Required action ▸ In the entries below, repeat only the lines between those holding "Befestigung am Bauch |" and "I Jewels 18k", inclusive. Leave pictures out.

Input material ▸
....

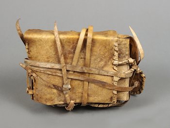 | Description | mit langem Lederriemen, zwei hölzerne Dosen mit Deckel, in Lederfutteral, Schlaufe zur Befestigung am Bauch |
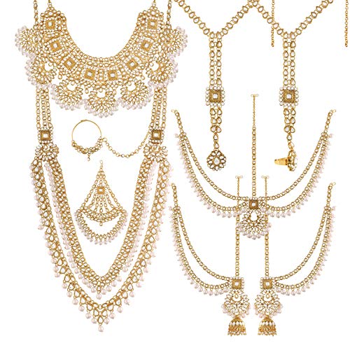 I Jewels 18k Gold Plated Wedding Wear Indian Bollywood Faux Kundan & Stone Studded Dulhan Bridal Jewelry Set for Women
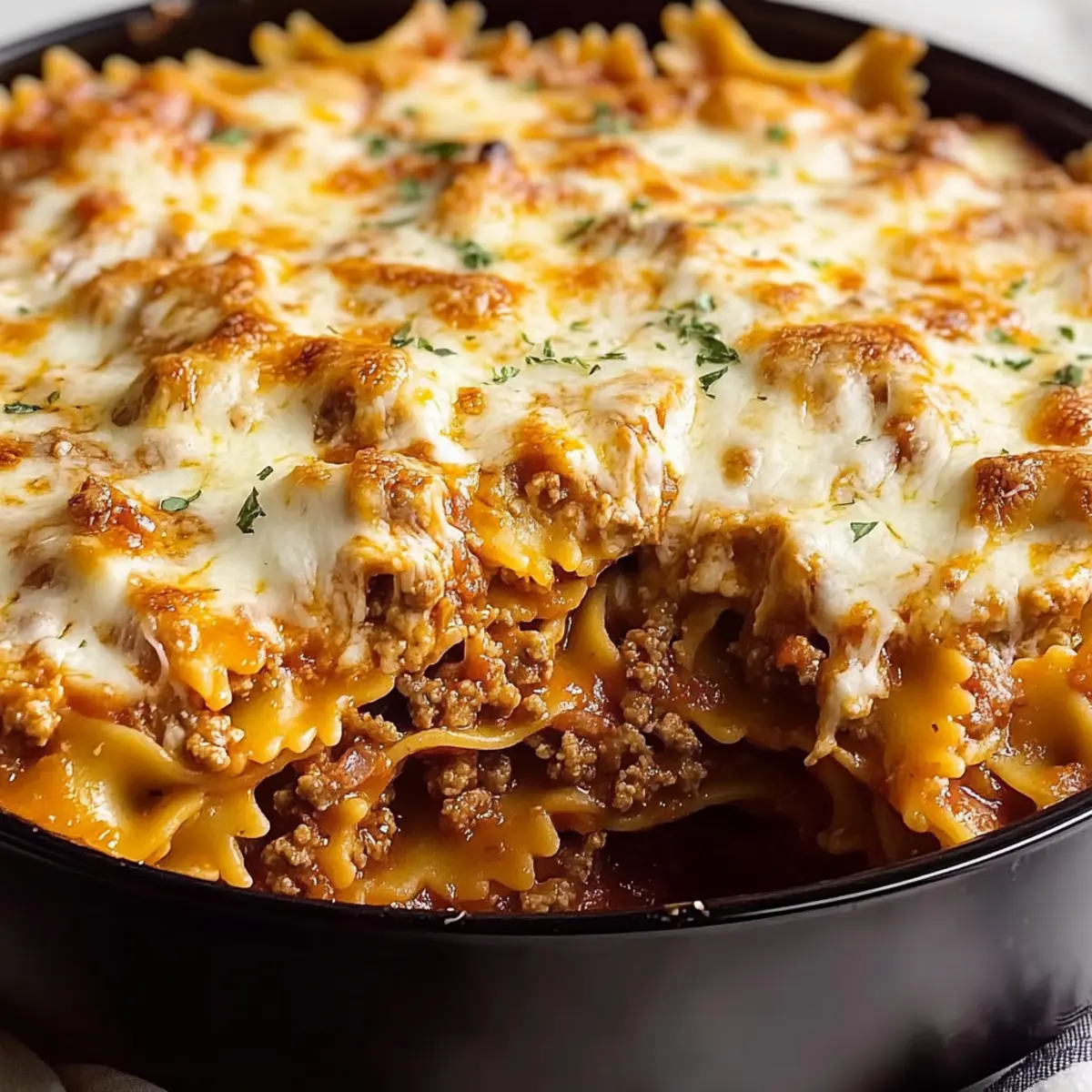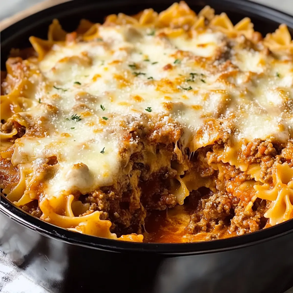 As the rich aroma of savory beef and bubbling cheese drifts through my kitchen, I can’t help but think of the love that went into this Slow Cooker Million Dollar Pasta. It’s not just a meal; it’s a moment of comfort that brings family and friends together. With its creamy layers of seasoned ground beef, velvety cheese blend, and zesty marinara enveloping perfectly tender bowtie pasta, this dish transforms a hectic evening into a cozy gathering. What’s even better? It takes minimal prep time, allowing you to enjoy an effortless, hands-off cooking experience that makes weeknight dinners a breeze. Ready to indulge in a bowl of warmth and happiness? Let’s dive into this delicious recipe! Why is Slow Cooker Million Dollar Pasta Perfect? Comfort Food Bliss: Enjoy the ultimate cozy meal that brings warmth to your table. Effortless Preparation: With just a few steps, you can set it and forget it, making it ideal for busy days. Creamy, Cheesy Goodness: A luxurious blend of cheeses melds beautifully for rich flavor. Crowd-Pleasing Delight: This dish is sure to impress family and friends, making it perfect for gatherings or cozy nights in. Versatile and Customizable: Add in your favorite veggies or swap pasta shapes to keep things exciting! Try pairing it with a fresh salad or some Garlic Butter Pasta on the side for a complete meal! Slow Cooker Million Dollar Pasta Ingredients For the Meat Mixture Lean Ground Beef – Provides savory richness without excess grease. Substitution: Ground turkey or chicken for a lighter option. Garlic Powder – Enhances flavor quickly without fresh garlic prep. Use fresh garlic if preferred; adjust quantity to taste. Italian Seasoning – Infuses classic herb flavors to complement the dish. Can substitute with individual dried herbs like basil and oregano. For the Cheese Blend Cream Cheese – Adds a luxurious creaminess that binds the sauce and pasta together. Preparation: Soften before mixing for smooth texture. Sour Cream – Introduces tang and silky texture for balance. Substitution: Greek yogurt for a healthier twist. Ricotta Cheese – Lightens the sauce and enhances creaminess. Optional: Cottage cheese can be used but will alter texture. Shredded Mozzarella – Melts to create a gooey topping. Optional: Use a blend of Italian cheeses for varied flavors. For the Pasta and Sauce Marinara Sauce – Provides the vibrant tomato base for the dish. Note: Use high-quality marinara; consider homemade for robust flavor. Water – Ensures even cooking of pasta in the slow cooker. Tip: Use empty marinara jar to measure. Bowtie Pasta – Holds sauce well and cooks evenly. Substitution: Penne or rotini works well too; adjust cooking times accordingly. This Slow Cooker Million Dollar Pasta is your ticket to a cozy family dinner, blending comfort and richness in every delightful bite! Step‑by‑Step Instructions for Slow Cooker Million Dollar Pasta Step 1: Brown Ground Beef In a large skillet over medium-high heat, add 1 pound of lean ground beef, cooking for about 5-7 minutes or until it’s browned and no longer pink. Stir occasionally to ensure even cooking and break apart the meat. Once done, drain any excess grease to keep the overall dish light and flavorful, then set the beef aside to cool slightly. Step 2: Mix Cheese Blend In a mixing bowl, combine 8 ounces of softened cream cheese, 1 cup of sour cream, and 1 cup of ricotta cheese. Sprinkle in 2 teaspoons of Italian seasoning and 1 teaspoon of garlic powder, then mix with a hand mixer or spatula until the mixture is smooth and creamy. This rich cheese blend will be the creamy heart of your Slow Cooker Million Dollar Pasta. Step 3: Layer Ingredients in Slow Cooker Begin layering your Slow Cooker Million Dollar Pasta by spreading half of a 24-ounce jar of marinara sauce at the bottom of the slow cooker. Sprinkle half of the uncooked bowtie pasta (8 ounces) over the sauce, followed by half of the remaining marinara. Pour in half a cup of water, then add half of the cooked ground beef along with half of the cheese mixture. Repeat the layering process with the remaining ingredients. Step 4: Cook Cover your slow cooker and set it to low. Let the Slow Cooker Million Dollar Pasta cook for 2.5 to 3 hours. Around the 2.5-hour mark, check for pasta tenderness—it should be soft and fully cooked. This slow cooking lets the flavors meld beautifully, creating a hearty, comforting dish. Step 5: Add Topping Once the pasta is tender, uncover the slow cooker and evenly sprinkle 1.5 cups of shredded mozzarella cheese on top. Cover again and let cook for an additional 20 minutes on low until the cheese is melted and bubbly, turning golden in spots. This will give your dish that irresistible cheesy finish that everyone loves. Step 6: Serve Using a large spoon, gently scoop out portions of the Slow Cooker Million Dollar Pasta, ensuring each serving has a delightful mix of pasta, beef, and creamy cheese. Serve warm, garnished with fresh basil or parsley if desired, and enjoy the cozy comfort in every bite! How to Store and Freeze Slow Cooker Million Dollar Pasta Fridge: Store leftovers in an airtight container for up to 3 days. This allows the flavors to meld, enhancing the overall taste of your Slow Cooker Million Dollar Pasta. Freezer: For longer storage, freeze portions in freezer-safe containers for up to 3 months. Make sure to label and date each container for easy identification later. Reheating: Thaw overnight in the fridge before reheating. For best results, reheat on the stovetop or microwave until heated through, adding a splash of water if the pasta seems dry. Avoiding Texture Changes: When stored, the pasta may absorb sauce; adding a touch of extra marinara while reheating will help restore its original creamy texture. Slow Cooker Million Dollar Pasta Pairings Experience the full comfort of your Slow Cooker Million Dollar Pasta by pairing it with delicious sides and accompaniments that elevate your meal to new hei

....

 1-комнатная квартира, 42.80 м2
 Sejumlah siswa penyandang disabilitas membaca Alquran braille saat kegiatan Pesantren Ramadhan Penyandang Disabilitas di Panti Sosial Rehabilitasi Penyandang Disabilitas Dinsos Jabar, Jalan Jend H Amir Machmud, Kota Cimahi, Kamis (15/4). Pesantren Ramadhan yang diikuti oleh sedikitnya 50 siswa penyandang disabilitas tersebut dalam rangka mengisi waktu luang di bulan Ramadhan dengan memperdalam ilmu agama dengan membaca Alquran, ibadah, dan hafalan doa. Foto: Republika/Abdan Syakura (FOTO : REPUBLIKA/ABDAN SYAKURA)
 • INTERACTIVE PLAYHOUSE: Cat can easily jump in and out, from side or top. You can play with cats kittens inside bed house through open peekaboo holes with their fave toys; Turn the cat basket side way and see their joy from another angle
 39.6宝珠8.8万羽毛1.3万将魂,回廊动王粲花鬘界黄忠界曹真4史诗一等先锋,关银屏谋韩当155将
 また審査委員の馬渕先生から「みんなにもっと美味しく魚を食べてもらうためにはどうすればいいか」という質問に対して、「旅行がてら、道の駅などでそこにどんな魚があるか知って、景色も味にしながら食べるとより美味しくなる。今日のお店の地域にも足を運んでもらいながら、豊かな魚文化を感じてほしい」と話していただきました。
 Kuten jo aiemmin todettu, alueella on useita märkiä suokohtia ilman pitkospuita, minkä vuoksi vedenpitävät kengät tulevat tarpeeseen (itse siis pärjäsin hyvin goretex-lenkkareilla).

....

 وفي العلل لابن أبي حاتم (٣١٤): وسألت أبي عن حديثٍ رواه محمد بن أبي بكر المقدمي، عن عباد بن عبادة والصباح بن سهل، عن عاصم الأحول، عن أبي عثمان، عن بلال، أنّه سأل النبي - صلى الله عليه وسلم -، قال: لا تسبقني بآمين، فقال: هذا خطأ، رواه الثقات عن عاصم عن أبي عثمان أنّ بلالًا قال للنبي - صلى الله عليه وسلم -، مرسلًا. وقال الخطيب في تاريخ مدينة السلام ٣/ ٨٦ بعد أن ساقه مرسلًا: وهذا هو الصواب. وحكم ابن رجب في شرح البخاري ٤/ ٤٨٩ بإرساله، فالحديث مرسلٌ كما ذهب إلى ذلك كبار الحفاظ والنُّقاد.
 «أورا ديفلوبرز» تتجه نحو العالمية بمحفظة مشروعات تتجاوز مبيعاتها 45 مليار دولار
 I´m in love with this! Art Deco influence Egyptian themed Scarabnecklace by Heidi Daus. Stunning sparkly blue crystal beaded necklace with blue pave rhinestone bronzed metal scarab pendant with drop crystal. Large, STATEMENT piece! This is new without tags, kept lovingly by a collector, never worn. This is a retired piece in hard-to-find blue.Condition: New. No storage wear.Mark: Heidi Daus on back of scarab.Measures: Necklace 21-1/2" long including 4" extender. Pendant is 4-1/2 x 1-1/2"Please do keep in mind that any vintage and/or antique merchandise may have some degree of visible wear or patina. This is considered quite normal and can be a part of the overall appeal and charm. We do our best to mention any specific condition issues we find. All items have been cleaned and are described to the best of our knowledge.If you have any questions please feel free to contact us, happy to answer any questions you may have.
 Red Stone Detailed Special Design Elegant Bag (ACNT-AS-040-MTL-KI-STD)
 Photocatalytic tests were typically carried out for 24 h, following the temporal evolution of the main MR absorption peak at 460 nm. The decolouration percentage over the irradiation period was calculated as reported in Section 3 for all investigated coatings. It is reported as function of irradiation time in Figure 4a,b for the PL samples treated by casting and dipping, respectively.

....

Result of this task ▸
 | Description | mit langem Lederriemen, zwei hölzerne Dosen mit Deckel, in Lederfutteral, Schlaufe zur Befestigung am Bauch |
 I Jewels 18k Gold Plated Wedding Wear Indian Bollywood Faux Kundan & Stone Studded Dulhan Bridal Jewelry Set for Women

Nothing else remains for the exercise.